**Exercise brief:** All of the data is to be written out again exactly, without the pictures.

**Data excerpt:**
↓↓↓

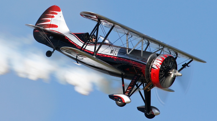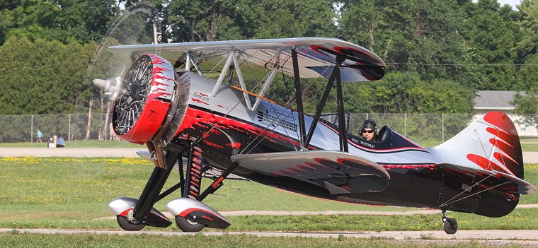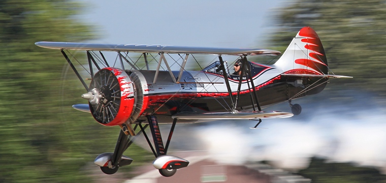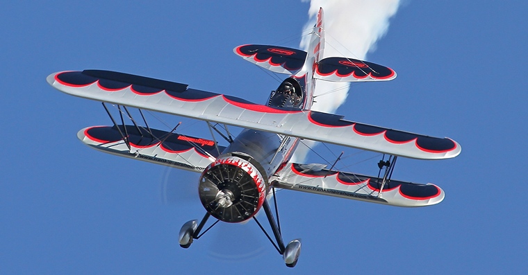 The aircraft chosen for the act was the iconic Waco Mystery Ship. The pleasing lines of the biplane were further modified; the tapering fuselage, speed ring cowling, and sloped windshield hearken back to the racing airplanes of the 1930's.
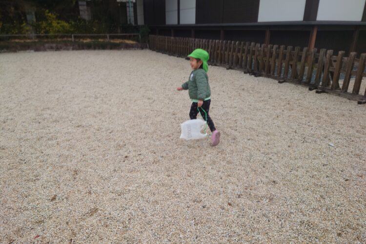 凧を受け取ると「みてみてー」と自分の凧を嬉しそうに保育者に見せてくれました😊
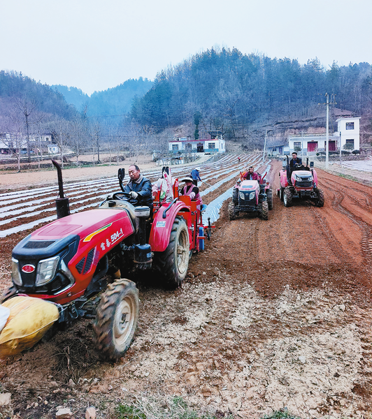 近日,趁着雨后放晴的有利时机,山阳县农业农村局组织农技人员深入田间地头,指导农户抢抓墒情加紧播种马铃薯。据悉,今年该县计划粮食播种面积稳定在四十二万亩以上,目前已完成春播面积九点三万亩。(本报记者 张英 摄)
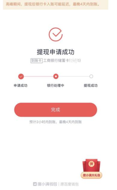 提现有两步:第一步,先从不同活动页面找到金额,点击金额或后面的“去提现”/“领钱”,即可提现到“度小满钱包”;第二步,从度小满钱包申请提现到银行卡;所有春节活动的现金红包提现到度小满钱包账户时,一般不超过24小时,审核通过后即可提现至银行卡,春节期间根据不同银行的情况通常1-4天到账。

↑↑↑

**Exercise output:**
 The aircraft chosen for the act was the iconic Waco Mystery Ship. The pleasing lines of the biplane were further modified; the tapering fuselage, speed ring cowling, and sloped windshield hearken back to the racing airplanes of the 1930's.
 凧を受け取ると「みてみてー」と自分の凧を嬉しそうに保育者に見せてくれました😊
 近日,趁着雨后放晴的有利时机,山阳县农业农村局组织农技人员深入田间地头,指导农户抢抓墒情加紧播种马铃薯。据悉,今年该县计划粮食播种面积稳定在四十二万亩以上,目前已完成春播面积九点三万亩。(本报记者 张英 摄)
 提现有两步:第一步,先从不同活动页面找到金额,点击金额或后面的“去提现”/“领钱”,即可提现到“度小满钱包”;第二步,从度小满钱包申请提现到银行卡;所有春节活动的现金红包提现到度小满钱包账户时,一般不超过24小时,审核通过后即可提现至银行卡,春节期间根据不同银行的情况通常1-4天到账。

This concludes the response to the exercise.